* **Data section**:

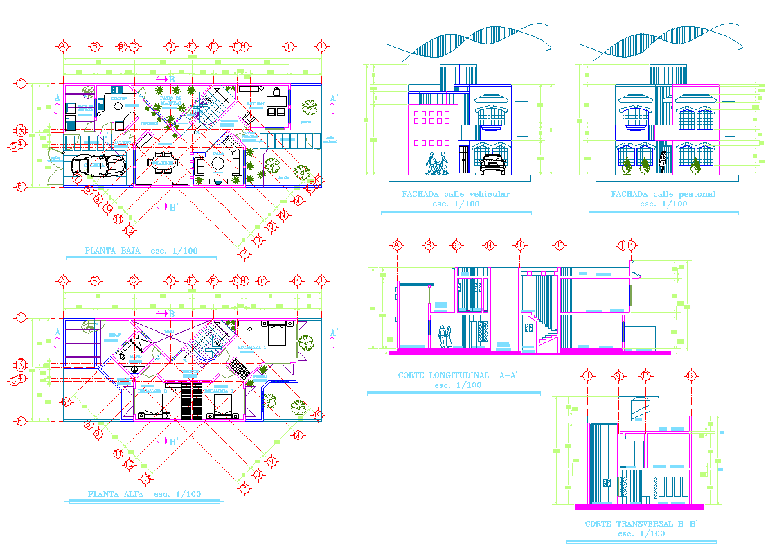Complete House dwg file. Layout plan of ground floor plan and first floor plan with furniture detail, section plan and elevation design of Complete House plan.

==

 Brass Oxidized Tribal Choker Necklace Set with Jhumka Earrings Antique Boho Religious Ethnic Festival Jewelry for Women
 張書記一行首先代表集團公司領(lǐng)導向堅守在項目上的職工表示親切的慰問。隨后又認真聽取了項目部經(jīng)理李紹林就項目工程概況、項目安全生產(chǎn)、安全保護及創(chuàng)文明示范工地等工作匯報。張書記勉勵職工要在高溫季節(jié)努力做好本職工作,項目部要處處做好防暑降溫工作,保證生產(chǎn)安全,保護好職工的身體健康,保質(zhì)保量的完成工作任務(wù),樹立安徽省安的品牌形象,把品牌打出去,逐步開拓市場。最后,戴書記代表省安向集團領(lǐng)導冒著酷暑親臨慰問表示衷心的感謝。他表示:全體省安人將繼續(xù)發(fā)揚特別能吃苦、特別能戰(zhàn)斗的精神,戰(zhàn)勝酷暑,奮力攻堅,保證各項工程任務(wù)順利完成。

* **Your task**:
The range runs from the line above containing "Brass Oxidized Tribal" to the line containing "張書記一行首先代表集團公司領", inclusive. Restate those lines word for word and no others.

* **Result below**:
 Brass Oxidized Tribal Choker Necklace Set with Jhumka Earrings Antique Boho Religious Ethnic Festival Jewelry for Women
 張書記一行首先代表集團公司領(lǐng)導向堅守在項目上的職工表示親切的慰問。隨后又認真聽取了項目部經(jīng)理李紹林就項目工程概況、項目安全生產(chǎn)、安全保護及創(chuàng)文明示范工地等工作匯報。張書記勉勵職工要在高溫季節(jié)努力做好本職工作,項目部要處處做好防暑降溫工作,保證生產(chǎn)安全,保護好職工的身體健康,保質(zhì)保量的完成工作任務(wù),樹立安徽省安的品牌形象,把品牌打出去,逐步開拓市場。最后,戴書記代表省安向集團領(lǐng)導冒著酷暑親臨慰問表示衷心的感謝。他表示:全體省安人將繼續(xù)發(fā)揚特別能吃苦、特別能戰(zhàn)斗的精神,戰(zhàn)勝酷暑,奮力攻堅,保證各項工程任務(wù)順利完成。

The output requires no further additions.